In 1777 an important version of the New Testament was published by the Rev. J. P. Fabricius, one of Schultze's successors in the Danish mission at Madras. This version is far more elegant and classical in diction than that of the Tranquebar translators. Fabricius likewise undertook the revision of Schultze's version of the Old Testament, preparatory to a second edition; but the work as revised by him has every claim to be considered a new and independent version. He sent the translation, sheet by sheet, for examination and correction to the missionaries at Cuddalore; from them it passed to the Danish missionaries, and from them to the native translator to the Danish Government.

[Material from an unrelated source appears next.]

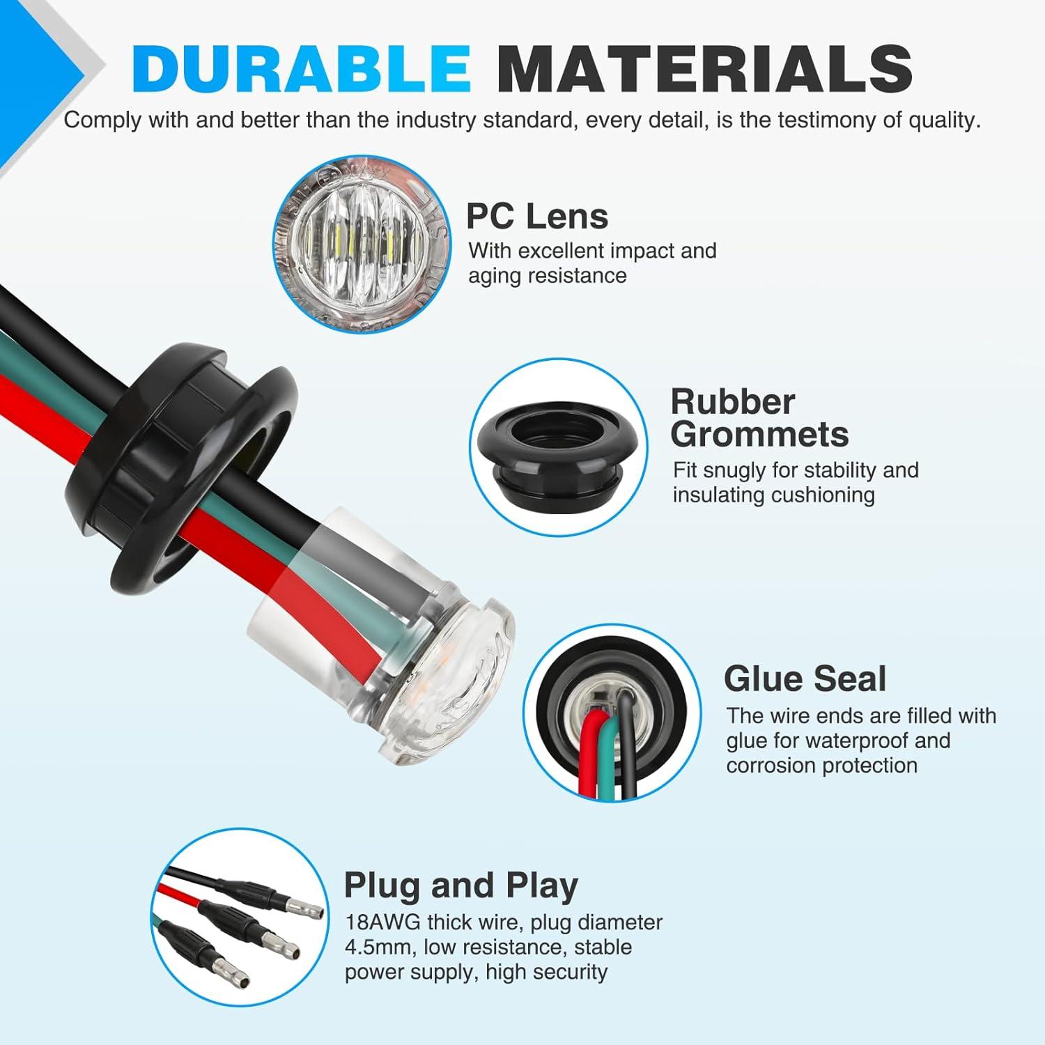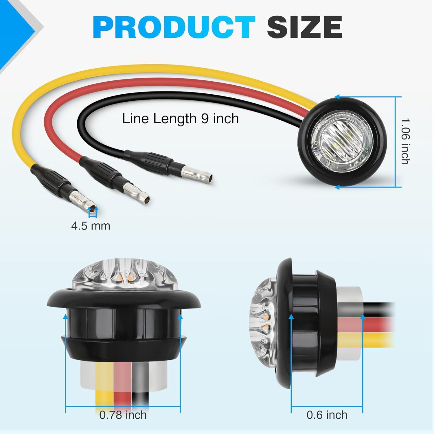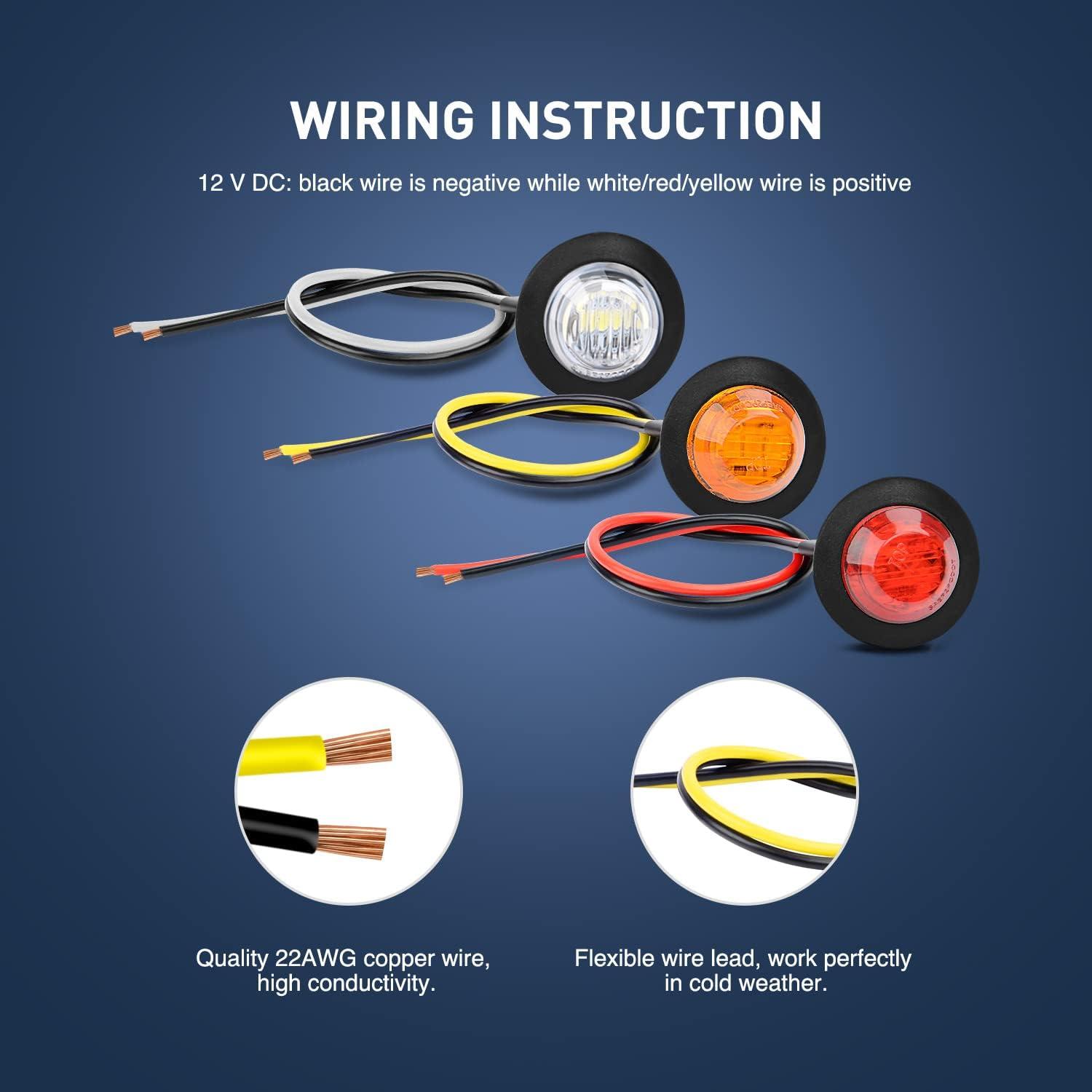 Nilight TL-03 10 PCS 3/4” Round Clearance LED Front Rear Side Indicator Bullet Marker Light for Truck RV Car Bus Trailer Van Caravan Boat (12V, Amber)(30Pcs Amber Red White)

The notes and corrections thus obtained were carefully collated by Fabricius, and the whole translation was again subjected by him to a searching revision. It was printed at the mission press at Tranquebar between the years 1777 and 1782, under the especial care of two missionaries, one of whom was Dr. Rottler. Fabricius was esteemed an "unparalleled Tamul scholar," and his translation long held the rank of the standard Tamul version of the Scriptures.

The editions of the two versions of the New Testament above mentioned, printed by the Danish missionaries prior to the commencement of the present century, amount in all to fourteen, besides two versions of the Old Testament. They were assisted by grants of paper and other supplies from the Royal College of Copenhagen, the Orphan House at Halle, and the Society for Promoting Christian Knowledge. Still the number of copies issued was very far from being adequate to the wants of the native Christians; and the deplorable scarcity of the Scriptures in the Tamul country was first pressed upon the notice of the British and Foreign Bible Society in a letter from the Rev. Dr. Buchanan, dated Madura, 1806. Dr. Buchanan stated that of the ten or twelve thousand Protestant Christians then belonging to the Tanjore and Tinnevelly districts, not one perhaps in a hundred had a New Testament; and he described the people in general as "clamorous for Bibles, supplicating for teachers, and saying, 'we do not want bread or money from you, but we want the word of God.'" In consequence of these and other similar representations, the Corresponding Committee at Calcutta raised a subscription for the purchase of all the copies of the Tamul Scriptures which could be then obtained, and which bore a price placing them beyond the reach of the poorer Christians. These copies reached Tanjore in 1810, where they were received with the most lively gratitude; and the supply was acknowledged "not only as a seasonable and acceptable present, but as the cause of abundant thanksgiving to God through Jesus Christ our Saviour, from many who were desirous to know the saving truths which the Bible contains, and to use it for the benefit of their souls." Arrangements were then made by the British and Foreign Bible Society for the publication of another edition, and after due inquiries had been instituted, it was deemed advisable to print it at the Serampore press, from the admired text of Fabricius. Notwithstanding the disastrous fire in which the Tamul fount of types

and a large supply of paper were destroyed, the edition, consisting of 5000 copies, was completed by the Serampore missionaries in 1813.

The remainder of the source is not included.